_TO DO_
From the data that follows, set down exactly the lines from the one with "王中良对饶成进一行来校交流访" through the one with "唐天嘉老师代表裁判员上台宣誓。", counting both. Pictures stay out.

_GIVEN DATA_
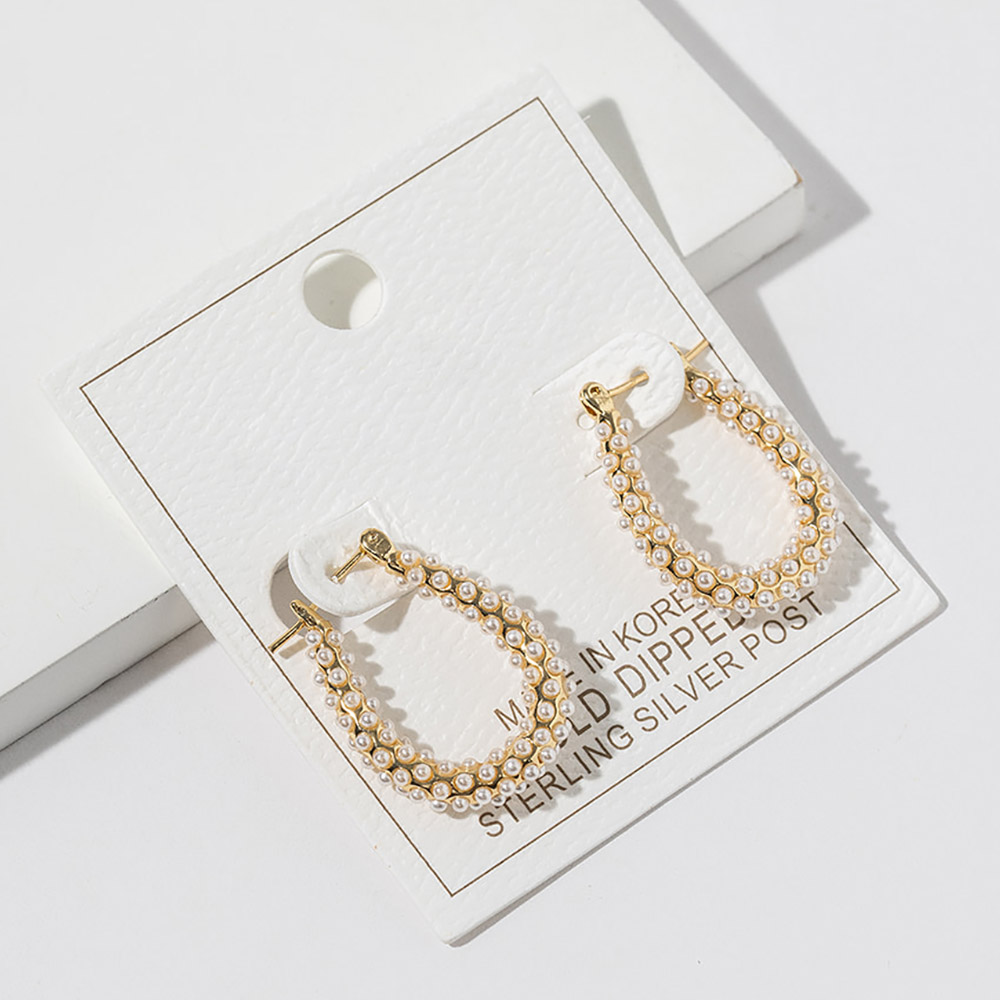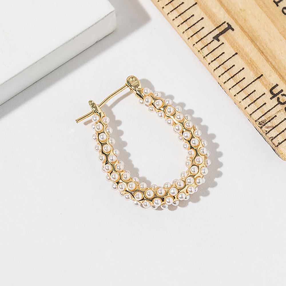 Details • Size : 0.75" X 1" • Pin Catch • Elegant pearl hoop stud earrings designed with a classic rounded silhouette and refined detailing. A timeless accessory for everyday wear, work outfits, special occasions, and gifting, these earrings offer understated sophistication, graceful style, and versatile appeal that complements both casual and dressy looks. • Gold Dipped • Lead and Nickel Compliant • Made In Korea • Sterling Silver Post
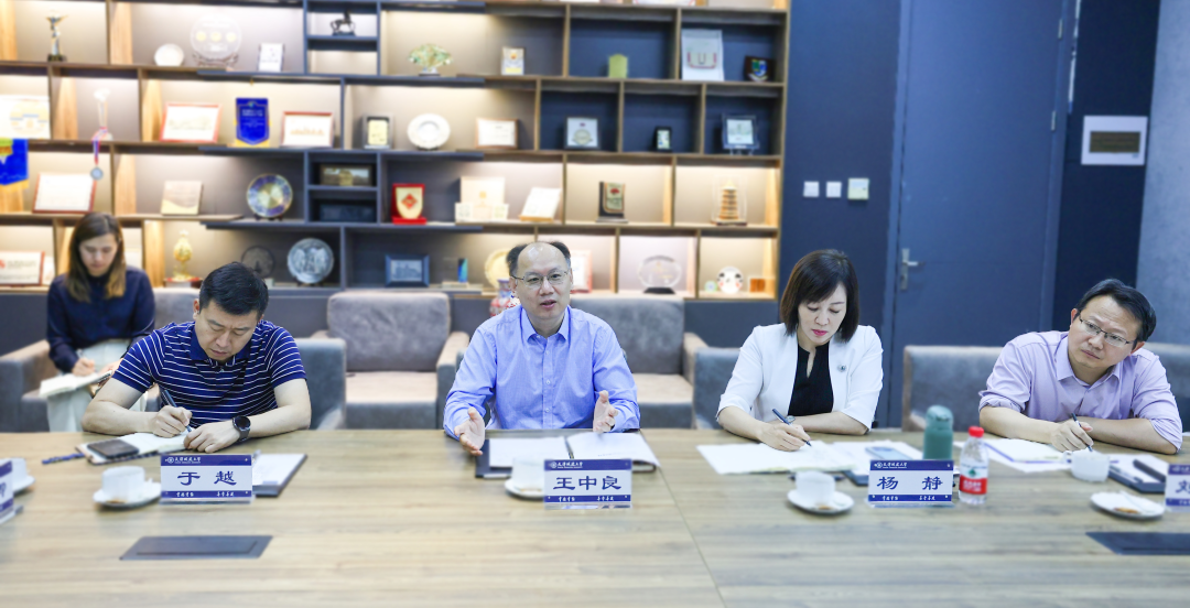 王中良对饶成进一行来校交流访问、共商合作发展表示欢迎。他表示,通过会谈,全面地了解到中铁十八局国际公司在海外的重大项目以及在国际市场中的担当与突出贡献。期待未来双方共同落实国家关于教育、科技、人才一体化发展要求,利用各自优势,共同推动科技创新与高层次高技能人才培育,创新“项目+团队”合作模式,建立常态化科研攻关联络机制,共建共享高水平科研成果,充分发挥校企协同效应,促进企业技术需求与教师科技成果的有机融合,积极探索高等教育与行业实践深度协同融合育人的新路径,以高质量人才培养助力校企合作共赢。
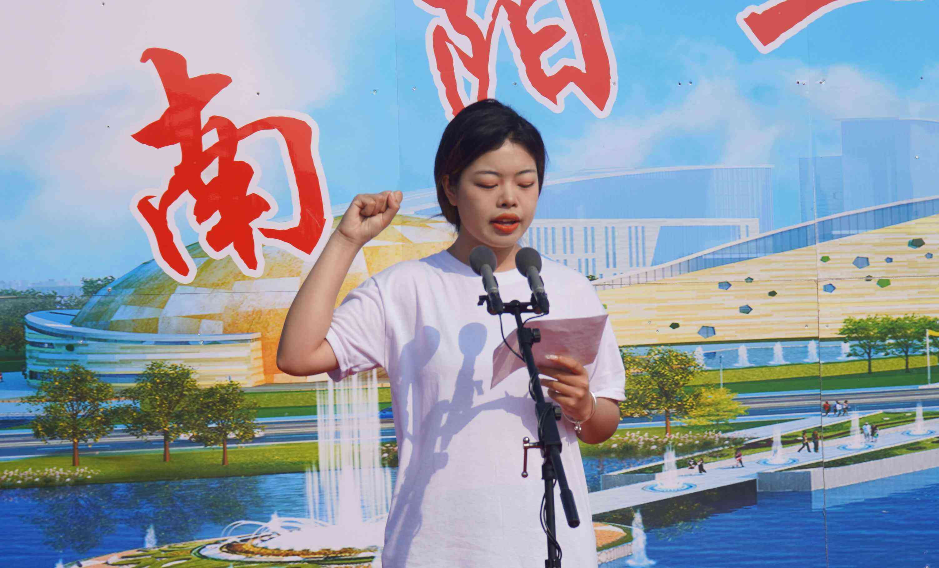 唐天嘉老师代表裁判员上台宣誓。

---

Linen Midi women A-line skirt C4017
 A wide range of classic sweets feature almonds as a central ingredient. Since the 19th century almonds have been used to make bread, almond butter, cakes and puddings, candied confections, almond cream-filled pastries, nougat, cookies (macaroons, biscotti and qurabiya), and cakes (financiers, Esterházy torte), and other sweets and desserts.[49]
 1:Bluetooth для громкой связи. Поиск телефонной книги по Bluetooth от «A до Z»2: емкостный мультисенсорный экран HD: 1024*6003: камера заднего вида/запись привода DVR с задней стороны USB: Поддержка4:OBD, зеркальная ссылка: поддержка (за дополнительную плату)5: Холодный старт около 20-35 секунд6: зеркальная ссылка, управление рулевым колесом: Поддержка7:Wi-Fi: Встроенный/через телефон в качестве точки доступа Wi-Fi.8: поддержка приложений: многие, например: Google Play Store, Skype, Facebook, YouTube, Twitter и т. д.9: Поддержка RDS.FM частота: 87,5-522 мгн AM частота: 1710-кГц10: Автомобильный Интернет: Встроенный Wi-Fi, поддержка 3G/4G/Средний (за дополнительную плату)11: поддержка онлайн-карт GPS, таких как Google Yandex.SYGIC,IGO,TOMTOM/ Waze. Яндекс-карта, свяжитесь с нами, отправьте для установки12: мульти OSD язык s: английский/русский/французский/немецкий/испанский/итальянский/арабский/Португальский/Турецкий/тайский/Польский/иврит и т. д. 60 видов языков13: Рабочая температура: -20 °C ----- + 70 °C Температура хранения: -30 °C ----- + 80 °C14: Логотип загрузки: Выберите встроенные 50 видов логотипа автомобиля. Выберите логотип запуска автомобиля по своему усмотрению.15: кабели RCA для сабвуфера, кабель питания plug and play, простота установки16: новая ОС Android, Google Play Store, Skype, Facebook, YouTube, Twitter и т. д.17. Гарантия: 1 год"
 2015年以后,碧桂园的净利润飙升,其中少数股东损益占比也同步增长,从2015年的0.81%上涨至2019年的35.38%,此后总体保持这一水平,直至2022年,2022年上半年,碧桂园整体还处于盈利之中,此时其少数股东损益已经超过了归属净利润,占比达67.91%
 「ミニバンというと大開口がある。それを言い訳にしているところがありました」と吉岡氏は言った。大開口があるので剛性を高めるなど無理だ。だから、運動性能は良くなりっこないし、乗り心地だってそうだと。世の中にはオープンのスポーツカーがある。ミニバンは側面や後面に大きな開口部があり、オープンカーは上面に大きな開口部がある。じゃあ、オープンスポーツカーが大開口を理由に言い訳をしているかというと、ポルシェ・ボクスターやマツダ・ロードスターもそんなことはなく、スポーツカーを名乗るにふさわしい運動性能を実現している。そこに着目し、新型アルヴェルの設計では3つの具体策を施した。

_OUTPUT FOR THIS EXERCISE_
 王中良对饶成进一行来校交流访问、共商合作发展表示欢迎。他表示,通过会谈,全面地了解到中铁十八局国际公司在海外的重大项目以及在国际市场中的担当与突出贡献。期待未来双方共同落实国家关于教育、科技、人才一体化发展要求,利用各自优势,共同推动科技创新与高层次高技能人才培育,创新“项目+团队”合作模式,建立常态化科研攻关联络机制,共建共享高水平科研成果,充分发挥校企协同效应,促进企业技术需求与教师科技成果的有机融合,积极探索高等教育与行业实践深度协同融合育人的新路径,以高质量人才培养助力校企合作共赢。
 唐天嘉老师代表裁判员上台宣誓。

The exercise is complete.